Invader : « Il s’agit de créer la surprise, d’apporter la bonne touche au bon endroit, parfois sensible. C’est de l’acupuncture urbaine »
L’artiste est venu à plusieurs reprises pour ses repérages dans la ville, très étendue : « Pour bien envahir une ville, il faut l’avoir pratiquée, et avoir ses clés de compréhension en poche. Il s’agit de trouver les points justes, dans les zones névralgiques. Il s’agit aussi de créer la surprise, d’apporter la bonne touche au bon endroit, parfois sensible. C’est de l’acupuncture urbaine », analyse-t-il. Son regard, toujours en alerte, a scanné la ville, du quartier-village de L’Estaque jusqu’à la calanque de Sormiou, en passant par le Vieux-Port, Notre-Dame-de-la-Garde, les quartiers Nord, la gare, la prison des Baumettes ou un petit pan de mur gris dans le paysage urbain visible depuis la voie rapide du littoral.
Il joue avec les contextes et la culture populaire comme avec l’histoire de l’art : en plaçant une nature morte dans un quartier près de la gare, avec poisson et « Pac à l’eau », la boisson au citron du cru, en placardant un portrait de Zidane façon affiche, une Bonne-Mère en carreaux dorés porte un space invader, des bouteilles de Ricard et de Pastis 51 se font concurrence.

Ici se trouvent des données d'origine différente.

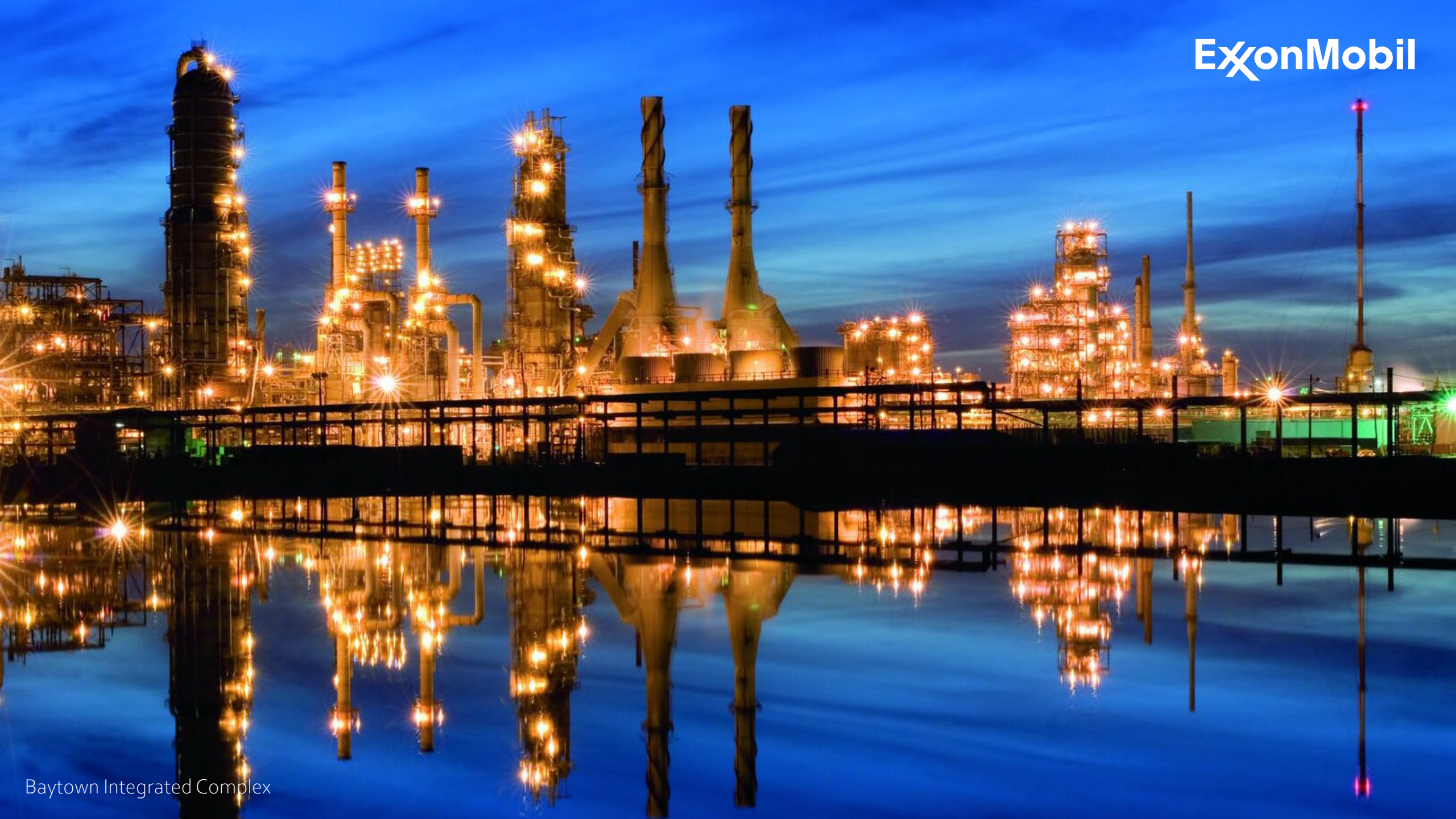
Baytown Integrated Complex
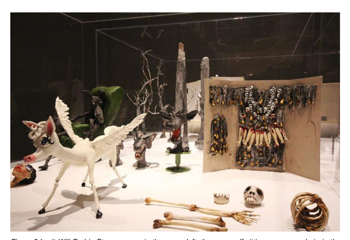
Figure 24 – It Will End in Stars props – in the upper-left, the grey wolf sitting on an armchair; in the upper-right, the sculpted woman's 'clothing' made of bones and bloody arms. In the bottom-left, the woman's head and a winged horse introduced in the kaleidoscopic scenes; in the bottom-right, the skeleton parts of the sculpted woman and the skull inserted in the wolf's hut at the beginning of the experience.

universe – where each environment does not only represent a physical place but also a psychological space imbued with primal anxieties, or they can just stay and explore only one of the sub-plots presented. The visual nature of virtual reality perfectly fits with Djurberg and Berg's adult fairy-tale narrative based on desire and guilt, animality and humanity, pulsations and repression, the known and the unknown, the visible and the unconscious. Animals, like the wolf, personify perversion and bestiality while the grotesque sculpted figures, like the naked woman, symbolise the repressed and hidden part, all accompanied by electronic and psychedelic soundscapes.
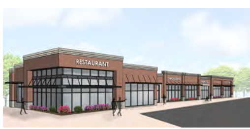
EXTERIOR PERSPECTIVE RENDERING - 08/13/2024
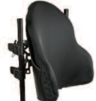
J3™ PD, PDC, PDL E2620
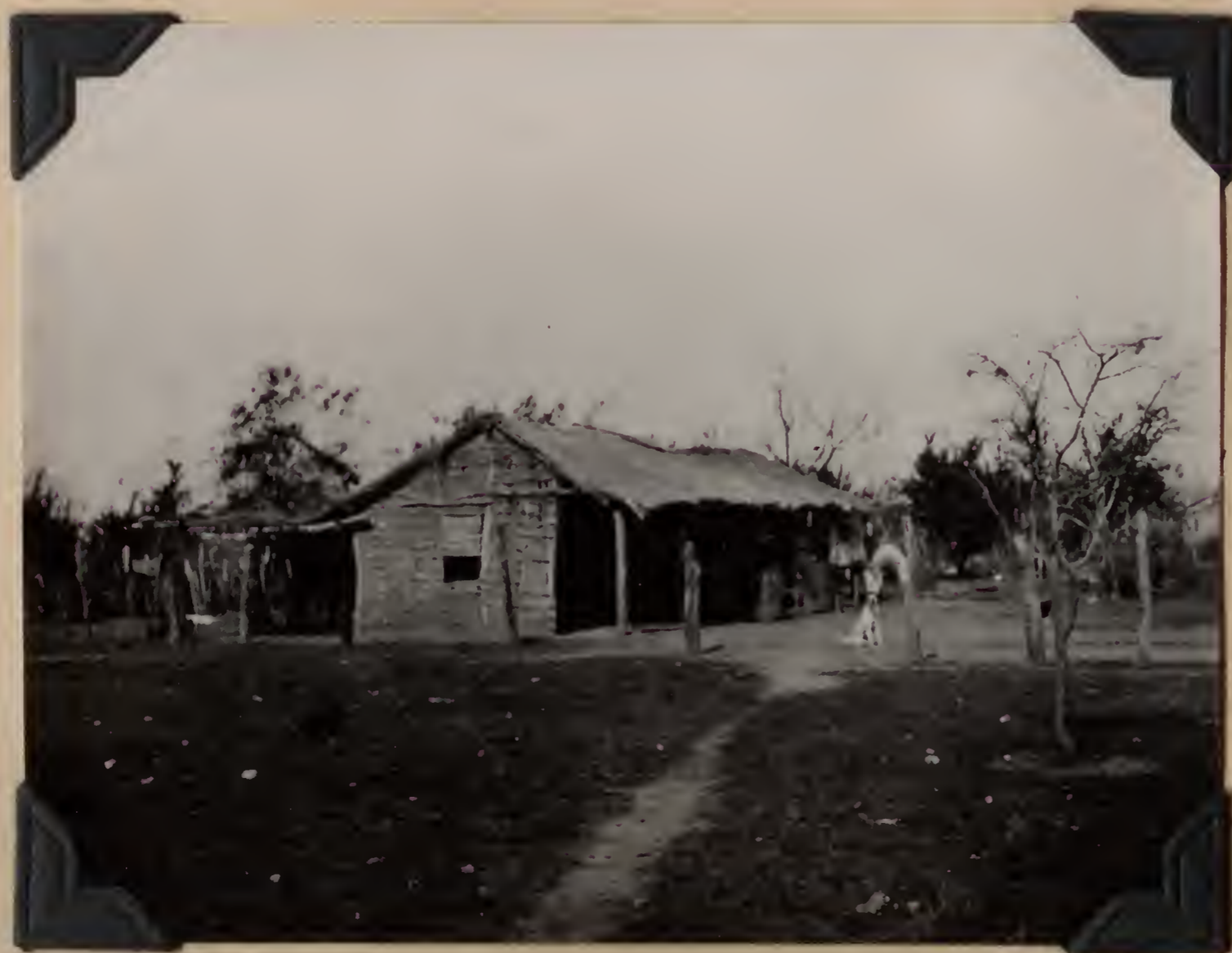
B.S. 21968. A grass-thatched hut built of mud plastered on a frame of wood. Las Palmas, Chaco Argentina. July 19, 1920.
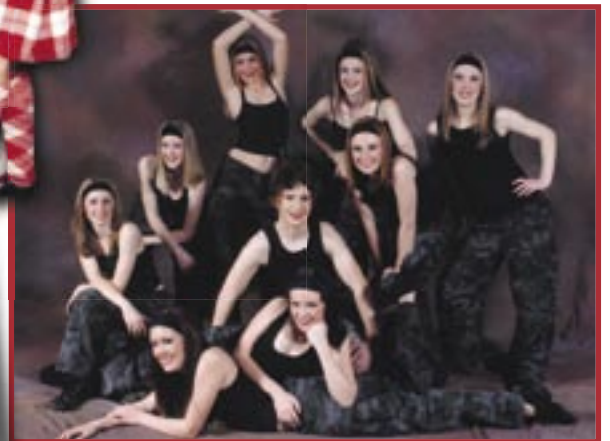
Participating in other dance disciplines...
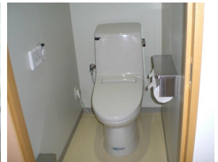
Room facility 1
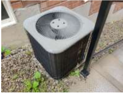
Pic. 4: AC unit 2009
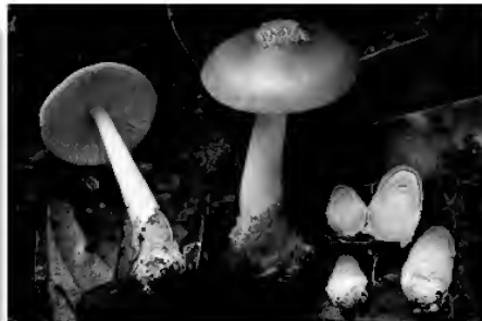
Amanita lanivolva
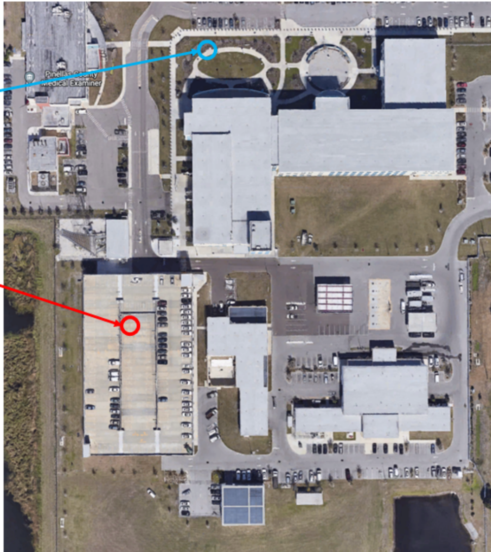
Pinellas County Public Safety Complex
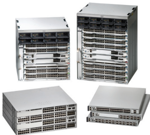
Cisco Nexus 9000 and 3000 Switches
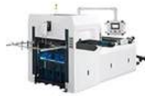
Die cutting machine
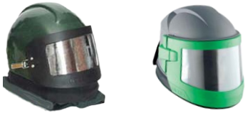
Breathable protective hoods (Nova 2000 & Nova 3)

Un large camaïeu de bleus et de références marines vient apporter une atmosphère méditerranéenne dans de nombreuses pièces tournées vers la mer : pieuvres aux esthétiques variées (« Dans le jeu japonais d’origine, les space invaders sont justement inspirés par le monde de la mer, ce sont des crabes, des méduses et des pieuvres », relève l’artiste), mouettes et goélands, vagues, gouttes, encres marines, masque et tuba (au tout nouveau et branché Tuba Club), ondes et lunettes de soleil. Sans oublier des petites références au Covid-19, avec quelques ports du masque, symbole du millésime 2020.
Dialogue ludique
Le dialogue avec la ville est ludique, et les mosaïques, conçues sur mesure, font volontiers du « hors-piste » pour déplacer le regard dans des endroits inattendus, voire difficiles d’accès. Ses œuvres traduisent un appel à la contemplation que le lancement de l’appli est venu intensifier autant que contrarier. La « communauté des flasheurs » est ainsi devenue son premier public. Avec 140 000 utilisateurs à travers le monde, elle touche les amateurs de son travail, les familles qui se promènent en flashant, pour le côté chasse au trésor, jusqu’à « de véritables gamers de l’appli, qui viennent faire le tour pour choper des points et monter dans le classement. Certains ne se rendent même pas compte qu’il s’agit d’une œuvre. C’est le “dark side” de l’appli, elle peut effectivement pousser à ça », reconnaît-il.
Et de lâcher : « Je ne sais pas si je vais la garder indéfiniment. Elle a popularisé mon travail, mais c’est une extension de mon projet artistique, une pierre à l’édifice, pas la clé de voûte. » L’appli, qu’il avait créée avec la complicité d’un jeune ingénieur« sans modèle, et deux ans avant Pokémon Go !, précise-t-il, est un support de l’époque, mais les technologies changent, tandis que la mosaïque est durable. “La mosaïque, c’est la peinture pour l’éternité”, disait le peintre florentin Ghirlandaio. »
Quel lieu rêve-t-il encore de conquérir maintenant ? « C’est sans fin, mais je vise l’Amérique du Sud… et la Lune ! » D’ici là, l’envie d’une quatrième vague marseillaise est en train de poindre, du côté des îles du Frioul.